Defining Custom Properties (p-search User Manual)

Previous: A Candidate Generator with Hard-coded Items, Up: Candidate Generator Examples [Contents]

6.1.2 Defining Custom Properties ¶

Let’s suppose you want to search on a new type of entity. If the think you’re searching for has a one-to-one relation with a file, you may just want to use the file candidate type. If what your searching for can be derived from a preexisting type, like a section of a file, you may want to create a mapping, not a new candidate generator.

Here are some examples of where a new candidate generator may make sense:

You are searching URLs. A new candidate type of ‘url’ could exist with functions to fetch the URL for the contents, extract the HTML’s title tag for the title, etc.
You are searching colors. Like for example, you want to find named colors simmilar to a certain color.
You are searching physical coordinates. A candidate generator could generate discrete squares of coordinates.
You are searching for something located in a database. In this case the ID of the search candidate could coorspond to a primary key in the database and you could have code to extract rows creating the document.
You are searching packages in some package repository. In this case, the ID of the search candidate would be the package’s identifier.

For our example in this section, suppose you have an inventory of books that you would like to search on stored in an sqlite database. You would like to incorporate this data into p-search. Let’s suppose for our example, that your database is setup as follows:

(defconst my-database (sqlite-open "~/test.sqlite"))

(sqlite-execute my-database "CREATE TABLE books (
    id INTEGER PRIMARY KEY AUTOINCREMENT,
    title TEXT NOT NULL,
    author TEXT NOT NULL,
    genre TEXT,
    summary TEXT,
    published_year INTEGER,
    price REAL
);")

(let* ((books '(("To Kill a Mockingbird" "Harper Lee" "Fiction" "This classic novel, ..." 1960 10.99)
                ("1984" "George Orwell" "Dystopian" "Set in a dystopian future, ..." 1949 8.99)
                ("Invisible Cities" "Italo Calvino" "Fiction" "In this poetic and imaginative novel, ..." 1972 13.99)
                ("The Brothers Karamazov" "Fyodor Dostoevsky" "Philosophical Fiction" "This philosophical novel follows the lives..." 1880 14.99))))
  (sqlite-execute zr/database "DELETE FROM books")
  (dolist (row books)
    (sqlite-execute zr/database "INSERT INTO books (title, author, genre, summary, published_year, price)
VALUES (?, ?, ?, ?, ?, ?)"
                    row)))

Since the targets of our search are entries in this database, let’s define our unique candidate type as book-shop-item and the unique identifier as a list of the database and row ID, for example (book-shop-item (#<sqlite obj...> 11)). We need to include the sqlite database object as we’re not able to fetch the ID alone.
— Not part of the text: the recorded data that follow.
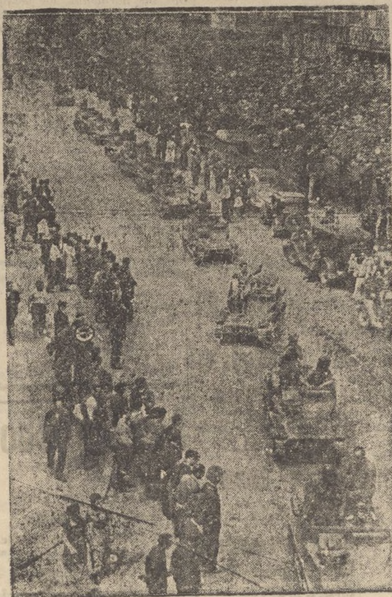
SANTANDER.—Nuestros carros de combate entran triunfalmente en la capital de la Montaña
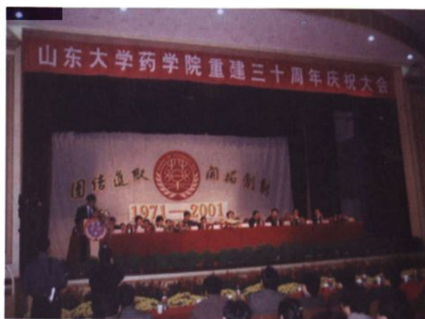
▶ 2001年，庆祝山东大学药学院重建三十周年
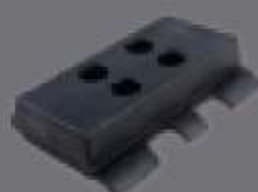
teja de Goma extendidas de asfalto

Las tejas y tacos de goma para cadenas metálicas están fabricadas con los mejores materiales primas y permiten, a las mini excavadoras con cadenas metálicas, la posibilidad de trabajar en suelo urbano con las mejores condiciones de agarre y tracción.
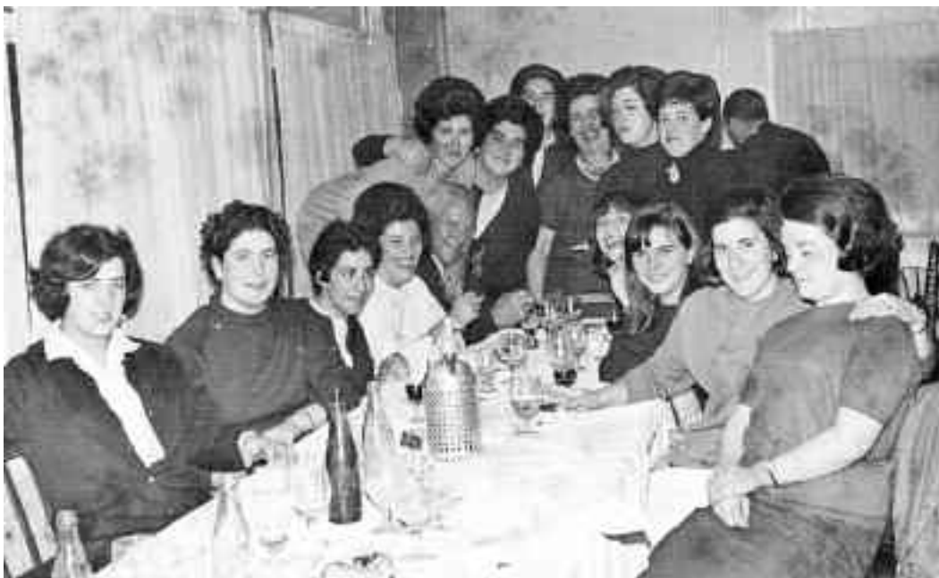
Emakume kortsarioaren argazkirik ez dugu, baina neska hauek Toki Alain jan-festa egin zutenekoa bai.
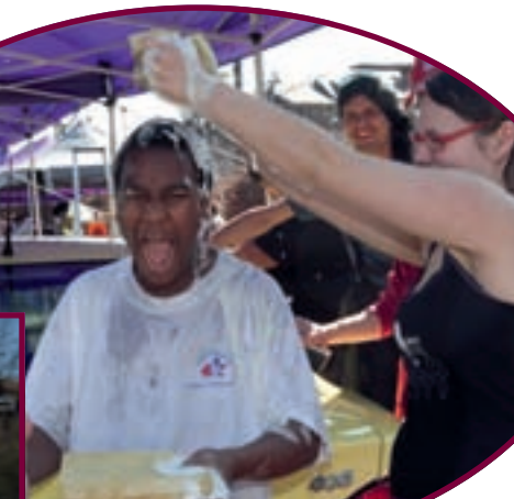
2/4 CAR WASH CONTOURNEMENT DIFFERDANGE
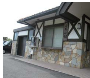
30mほど下ると右手に見えてくるのが山田原会館です。正面玄関脇の公衆電話でタクシーをお呼びください。
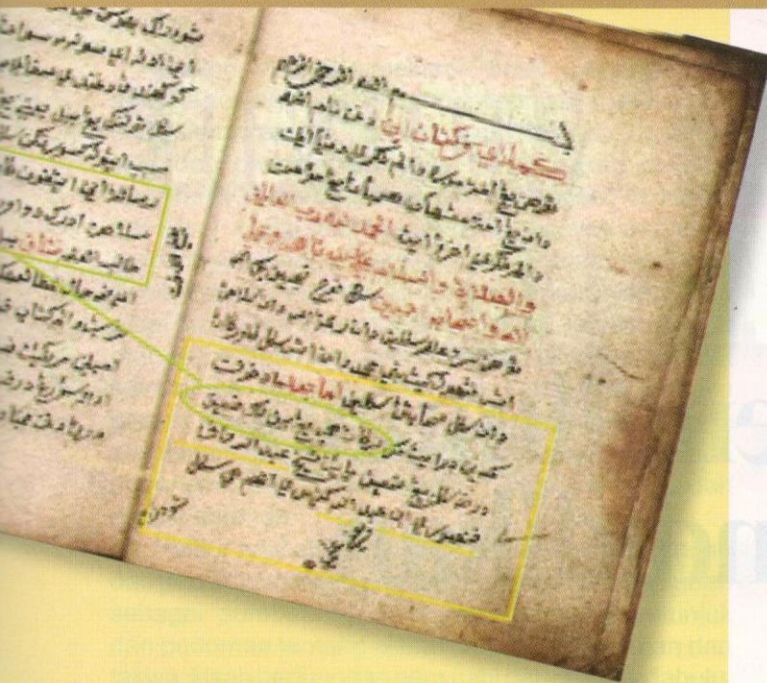
Manuskrip tertua di Nusantara bertajuk "Al-'Aqa'id al-Nasafi" karangan Imam Najmuddin al-Nasafi pada abad ke-16 Masihi.

di rantau ini berasaskan akidah Maturidiyyah yang bernaung di bawah aliran Ahli Sunah Waljamaah.
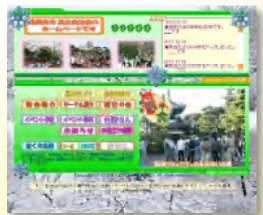
高台ホームページ(冬版)

高台自治会は創立25周年を迎え、記念行事・事業を行っています。その一環として「25周年記念誌」を制作しました。内容は自治会25年の歴史を振り返る対談、25年間の年表・数値データ、高台と周辺の懐かしの写真などで、モノクロ全16ページです。近々皆さんにお配りします。またカラー版を高台ホームページからもご覧いただけます。同時に「高台歴史を楽しむ会」も創立5周年を向え記念冊子を発行し、歴史の会会員の方には既にお配りしていますが、これも同ホームページからご覧いただけます。
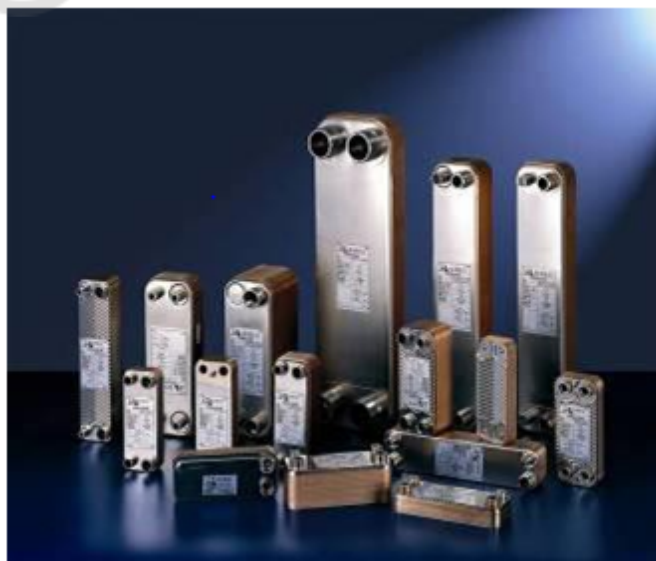
Внешний вид теплообменников пластинчатых типа ВРНЕ

Теплообменники пластинчатые типа ВРНЕ предназначены для передачи тепловой энергии от одного теплоносителя к другому. Теплообменники пластинчатые типа ВРНЕ могут применяться в холодильных установках (компрессорных, абсорбционных), а также в тепловых насосах. В качестве рабочих сред могут использоваться негорючие хладагенты (фторуглеводороды, хлорфторуглеводороды, аммиак, CO 2 ), технические и холодильные масла, вода для технических нужд и систем ГВС, спиртосодержащие растворы.
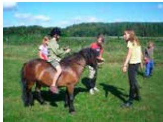
Kucyk „Tuptuś” w pracy
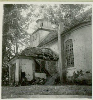
Widok od ptdn.
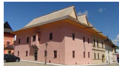
Oddelenie umenia, Spišská Sobota
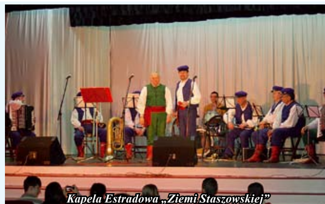
Kapela Estradowa „Ziemia Staszowska”

Staszowski Ośrodek Kultury zaprasza uczniów do
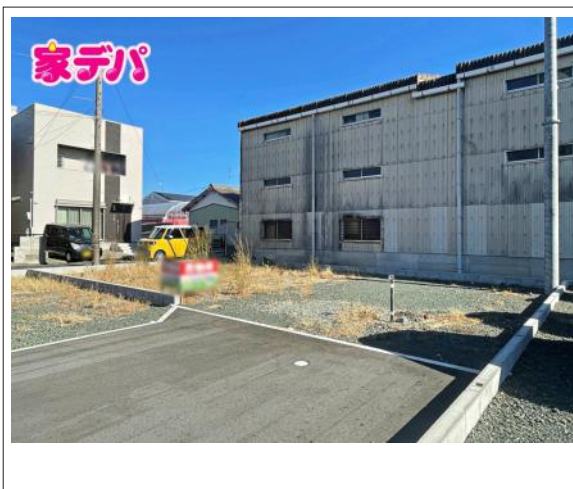
写真 3号地 図面と現況に相違ある場合には現況優先とします。
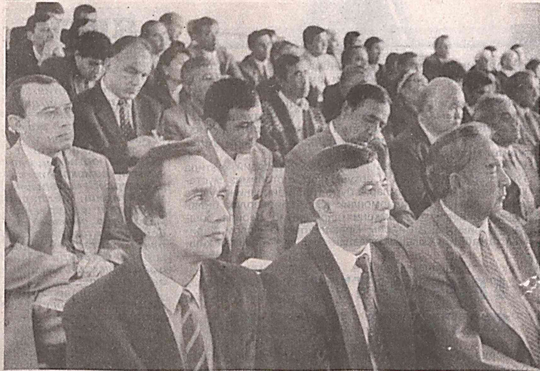
Суратларда: партиядошларимизнинг бугунги фаолиятдан лавҳалар
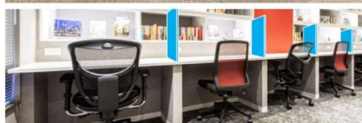
感染症対策 イメージ
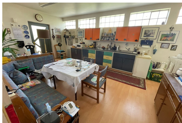
EG Laden Küche
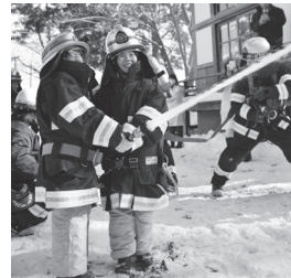
文化財防火デーに参加する東大曲小学校児童
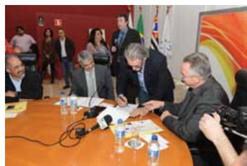
Sindicatos que apoiam o Cidade Responsável assinaram manifesto em prol da nova lei.

Aprovada sem vetos pela presidente Dilma Rousseff, a lei que criminaliza a venda e distribuição de bebidas alcoólicas a menores de 18 anos está em vigor desde o dia 18 de março. A medida altera o artigo 203 do estatuto da Criança e do Adolescente para criminalizar as condutas de "vender, fornecer, servir, ministrar ou entregar, ainda que gratuitamente, de qualquer forma, a criança ou a adolescente, bebida alcoólica". E ainda revogou o inciso I do artigo 63 do Decreto-Lei nº 3.688/41 - Lei das contravenções penais. A partir deste ano, o ato será tido como crime com pena de detenção, de dois a quatro anos, e multa de R$ 3 mil a R$ 10 mil reais. Como medida administrativa, a Lei 13.106/15 prevê a interdição do estabelecimento comercial infrator até o recolhimento da multa aplicada.
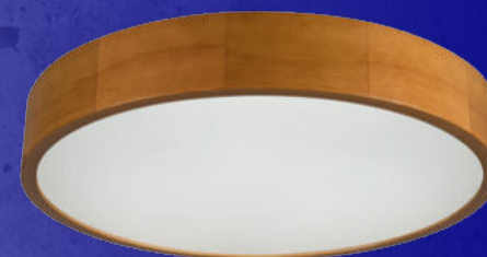
36442 JASMIN 470-G/O
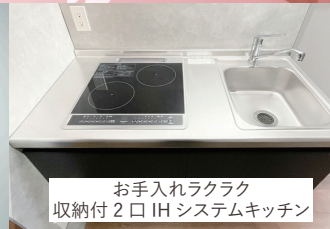
お手入れラクラク 収納付2口IHシステムキッチン
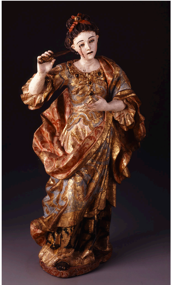
Fig. 7. Autor desconocido, Santa Lucía , siglo XVIII. Madera tallada, dorada, policromada y estofada. Colección Museo Franz Mayer, Ciudad de México.

Uno de los aspectos más interesantes de este par de esculturas nos remite a la iconografía de la santa identificada como Lucía, en la cual se centrará este apartado (Fig. 7). La segunda escultura, por carecer de atributos, podría tratarse de cualquier santa mártir de los primeros siglos: Catalina, Bárbara o Águeda; sin embargo al no poseer ningún elemento que nos proporcione una pista, la atribución queda abierta a futuras reflexiones. En el caso de santa Lucía, Elisa Vargaslugo es la primera autora en registrar la pieza con este nombre por “estar en el momento de sacarse los ojos”. 39 En las subsecuentes publicaciones Consuelo Maquívar también continúa reconociéndola como tal:
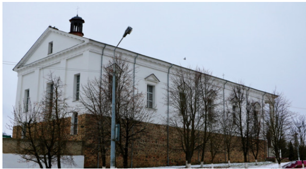
Воложинская иешива в несколько обновленном виде.
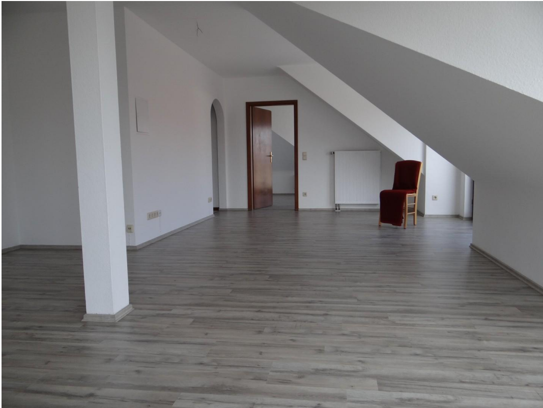
Wohn- & Essbereich
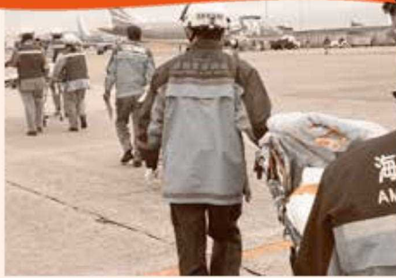
能登半島地震発生により石川県から愛知県内の病院へ広域搬送した様子です。 場所:県営名古屋空港

消防署の「担当」について紹介していきます。今回は、救急救命士!専門学校で資格を所得して消防士になる人もいますよ。
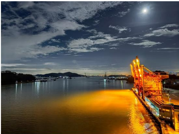
图 2：能源物流集团发展港口公司
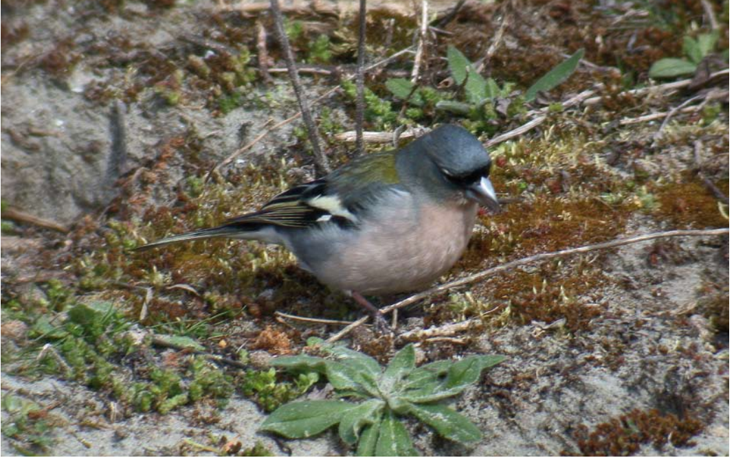
248-249 Atlasvink / Atlas Chaffinch Fringilla coelebs africana , mannetje, Maasvlakte, Zuid-Holland, 5 april 2003 (Diederik Kok)
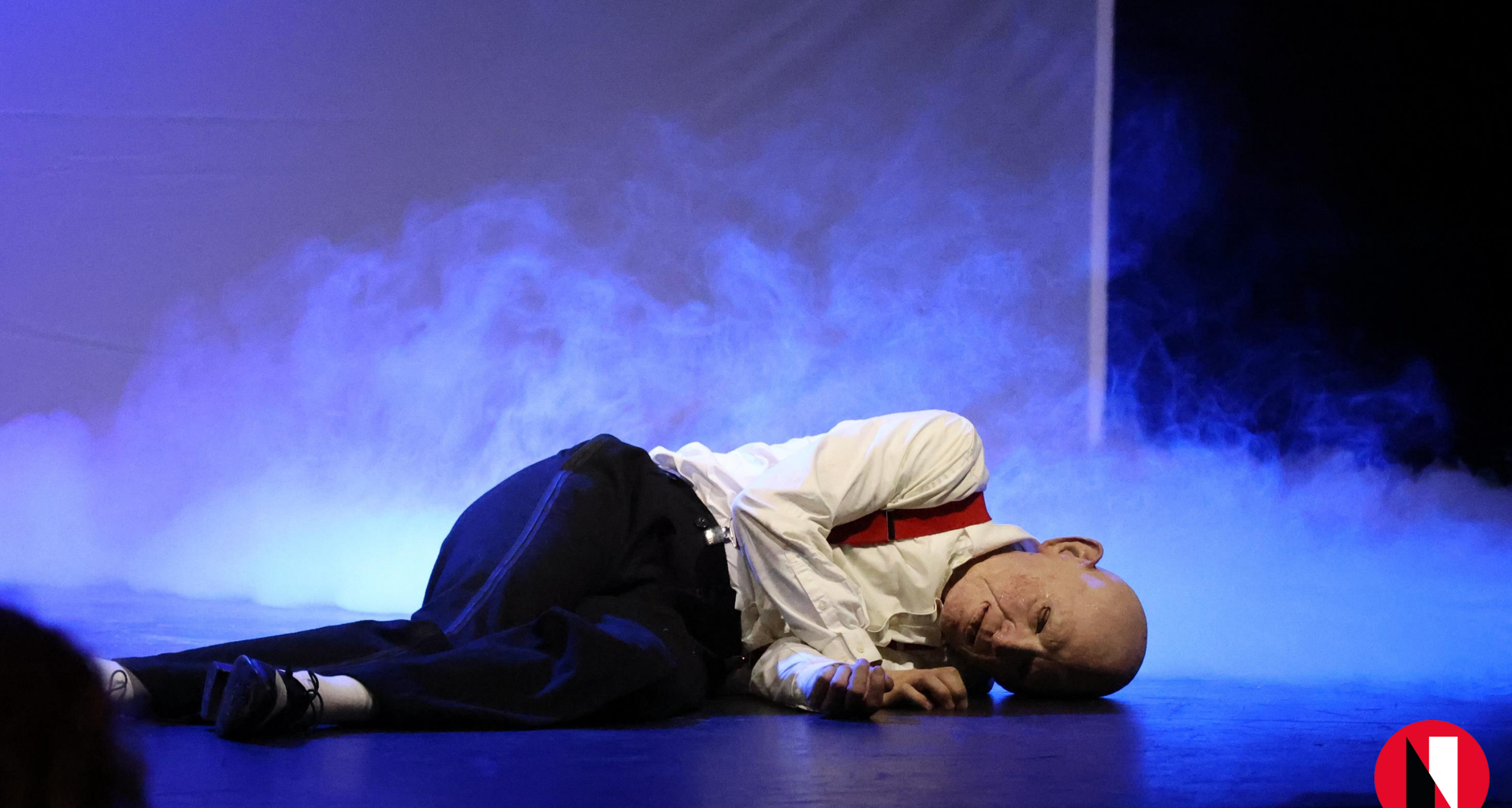
“Human Can”, Aveny-T (CPH Stage), 22. Maj 2025
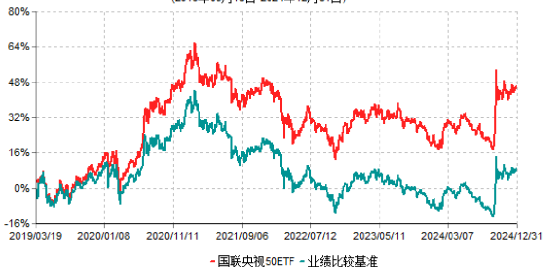
国联央视50ETF累计净值增长率与业绩比较基准收益率历史走势对比图 (2019年03月19日-2024年12月31日)

注：按基金合同和招募说明书的约定，本基金自基金合同生效日起6个月内为建仓期，建仓期结束时本基金的各项投资比例符合基金合同的有关约定。
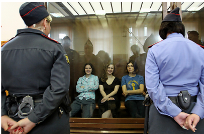
חברות הפוסי ריוט היום בבית המשפט במוסקבה

במסגרת הקראת פסק הדין, השופטת ציטטה את השיר של הלהקה "תפילת הפאנק", אותו ביצעה הלהקה בכנ הכוחה לביצוע הפשע. שלוש הבנות, המוחזקות בזמן המשפט בתא זכוכית סגור, החלו לשיר את השיר בתגו
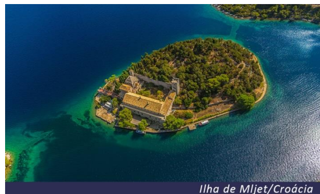
Ilha de Mljet/Croácia

permaneceram desde os tempos da antiga República de Dubrovnik (1358 a 1808). Seguiremos até a cidade velha para um passeio guiado desta cidade mágica, patrimônio universal da UNESCO e faremos uma parada em um dos mirantes de onde teremos uma espetacular vista das antigas muralhas e das ilhas de Elaphiti. Tempo livre para lazer e para almoçar na cidade antiga. À tarde, regresso ao late e início do nosso cruzeiro para a Ilha Šipan, onde ancoraremos em uma pequena e pitoresca vila de pescadores Šipanska Luka. Caso os horários das docas e da eclusa ou as condições climáticas nos impeçam de ancorar em Šipanska Luka, fazemos um cruzeiro para Slano, localizado no continente. Jantar a bordo (incluído) e pernoite em Šipanska Luka ou em Slano no continente.
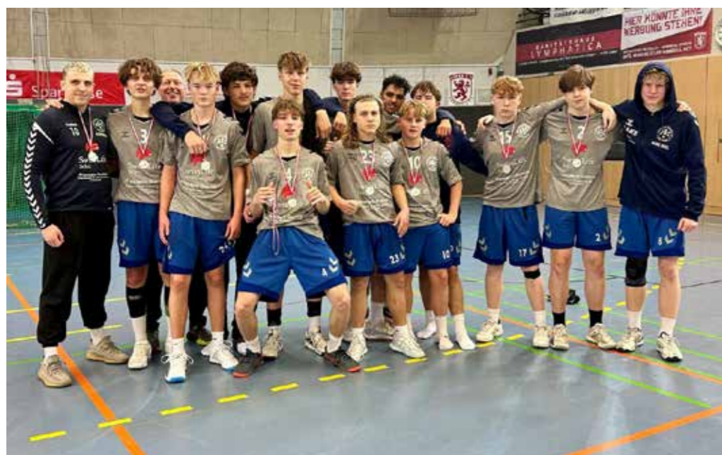
Silber bei der Stadtmeisterschaft - unsere mB-Jugend.
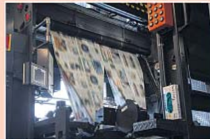
Het papier vliegt razendsnel door de pers
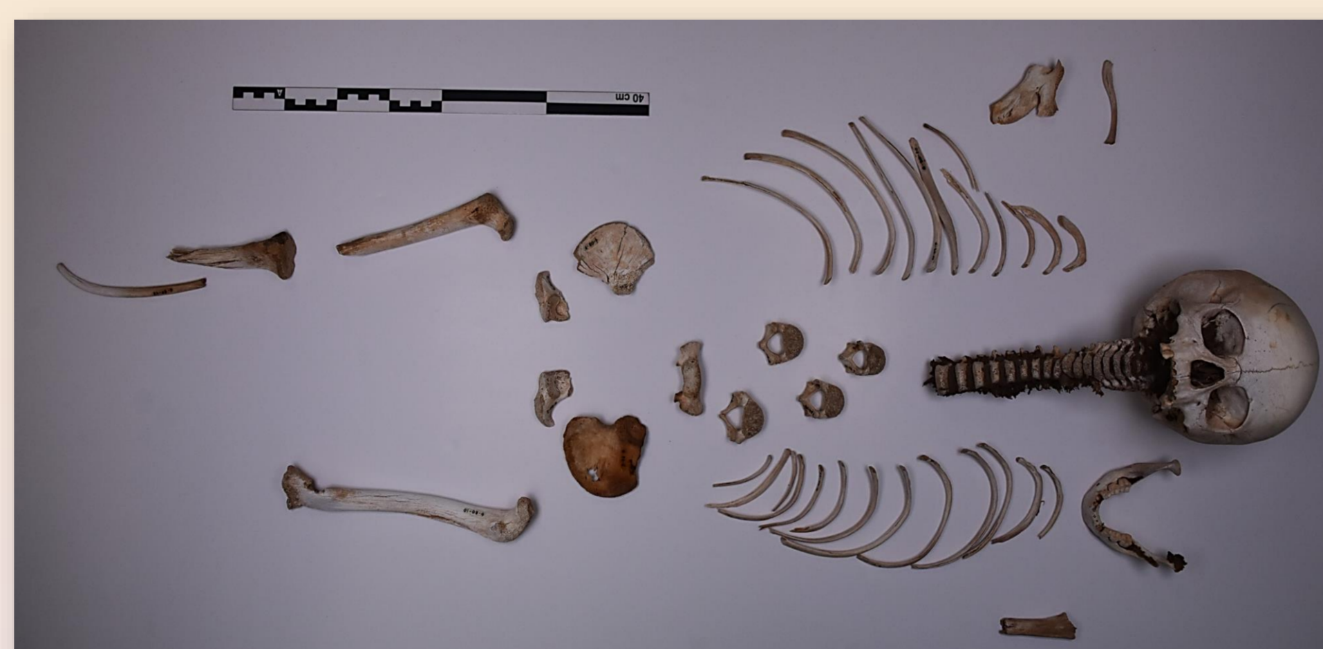
Figura 3. Individuo masculino subadulto extraído de Cañada de La Grieta.

Let’s define these properties now:

(defun get-book-title (doc-id)
  "Return the row's title column as content."
  (pcase-let ((`(,db ,row-id) doc-id))
    (caar (sqlite-select db "SELECT title FROM books WHERE id = ?" (list row-id)))))

(defun get-book-content (doc-id)
  ;;; To be done
  "Return the row's summary as content."
  (pcase-let ((`(,db ,row-id) doc-id))
    (with-temp-buffer
      (insert (caar (sqlite-select db "SELECT summary FROM books WHERE id = ?" (list row-id))))
      (fill-paragraph)
      (buffer-string))))

(defun get-book-fields (doc-id)
  "Extract book fields fields from DOC-ID."
  (pcase-let* ((`(,db ,row-id) doc-id)
               (`((,author ,genre))
                (sqlite-select db "SELECT author, genre FROM books WHERE id = ?" (list row-id))))
    `((author . ,author)
      (genre . ,genre))))

(p-search-def-property 'book-shop-item 'name #'get-book-title)
(p-search-def-property 'book-shop-item 'content #'get-book-content)
(p-search-def-property 'book-shop-item 'fields #'get-book-fields)

Here we define the required name and content properties, as well as include the fields property, which will be useful to us if we want to search on specific fields.

With the properties defined we can now create the candidate generator object and add it to our list of avalable generators.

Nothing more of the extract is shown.